Die Entscheidung der ZK 63: Die Ermittlung der ortsüblichen Vergleichsmiete mittels eines „Mietpreisrechners“ sei eine Rechtsdienstleistung im Sinne des § 2 Rechtsdienstleistungsgesetz – RDG, da sie eine rechtliche Prüfung des Einzelfalles erfordere. Der Schwerpunkt der Tätigkeit liege nicht auf der Erbringung von Inkassodienstleistungen, sondern die Klägerin werde primär rechtsberatend tätig.

Anders als bei einer privatärztlichen Abrechnungsstelle, die keine medizinische Prüfung vornehme, werde hier durch die qualifizierte Rüge nach § 556 g BGB die Tatbestandsvoraussetzung der noch nicht entstandenen Forderung erst geschaffen.

Anmerkung der Redaktion: Dass die Ermittlung der ortsüblichen Vergleichsmiete unter Anwendung des Mietspiegels mit einem „Mietpreisrechner“ ein Verstoß gegen das RDG sein könnte, ist offenbar auch nicht Auffassung der Senatsverwaltung für Stadtentwicklung und Wohnen, die selbst im Internet einen entsprechenden Abfrageservice anbietet.

Die Entscheidung der ZK 66: Anders dagegen die 66. Kammer unter Berufung auf die Rechtsprechung des Bundesverfassungsgerichts, das für Inkassodienste angenommen habe, sie seien nicht nur zur Entgegennahme von Erfüllungshandlungen befugt, sondern auch zur rechtlichen Prüfung und Bewertung von Forderungen. Ein Inkassounternehmen sei nicht auf eine reine Beitreibungstätigkeit beschränkt. Schließlich erfordere auch der Verbraucherschutz eine möglichst enge Auslegung des gesetzlichen Verbots des § 134 BGB, um einen „vertragslosen“ Raum zu vermeiden.

Anmerkung der Redaktion: Die von der Kammer zugelassene Revision wurde eingelegt und ist unter dem Aktenzeichen VIII ZR 275/18 beim Bundesgerichtshof anhängig.

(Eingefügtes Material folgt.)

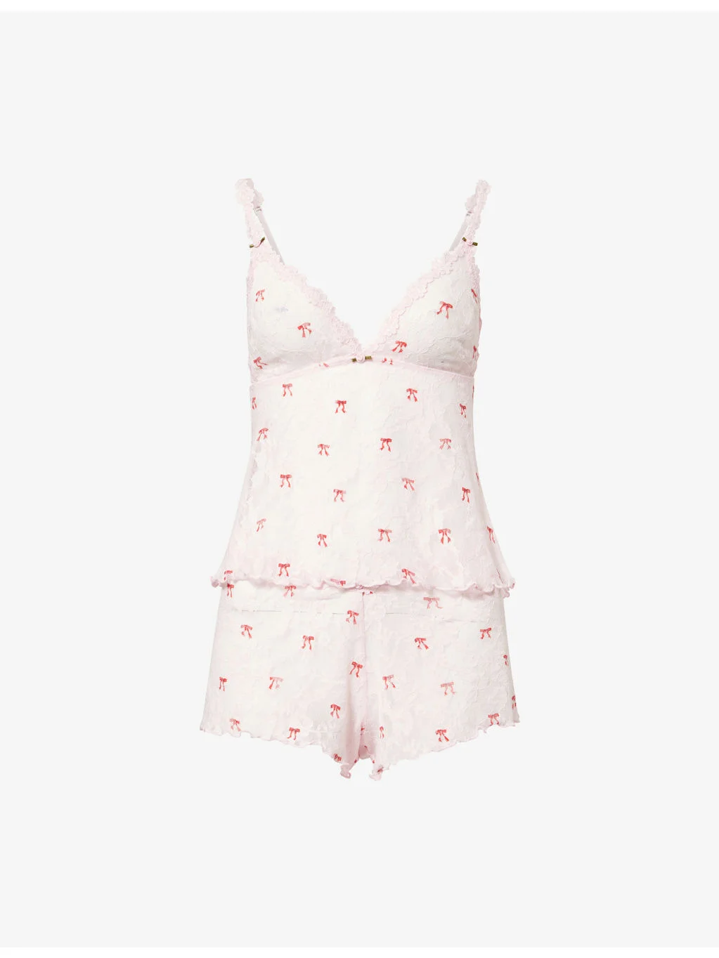 PRODUCT DETAILS - SKIMS lace pyjama set - 100% polyamide - Top: regular fit, v-neck, adjustable shoulder straps, all-over bow pattern, floral lace, semi sheer - Bottoms: regular fit, elasticated waistband, all-over bow pattern, floral lace, semi sheer - Machine wash cold - True to size - Model is 5ft 10in/1.78m and wears a size small - Lightweight, slight stretch Ref: R04538127

Die Entscheidung der ZK 65: So auch die 65. Kammer unter Berufung auf ihre frühere Entscheidung vom 20. Juni 2018 - 65 S 70/18 -. Die Registrierungsvoraussetzungen des § 10 RDG mit Anforderungen an die persönliche Zuverlässigkeit, Eignung und Sachkunde des Erlaubnisinhabers bildeten die Grundlage für eine weite Auslegung des Begriffs der „außergerichtlichen Forderungseinziehung“. Ein anderer Maßstab gelte nur dann, wenn Rechtsdienstleistungen als Nebenleistung im Sinne des § 5 RDG erbracht werden im Bereich des „Schadensmanagements“, etwa durch Kraftfahrzeugwerkstätten. Schließlich sei auch der Schutzzweck des RDG nicht darauf gerichtet, Rechtsanwälte vor außergerichtlicher Inkassotätigkeit von Inkassodienstleistern zu schützen.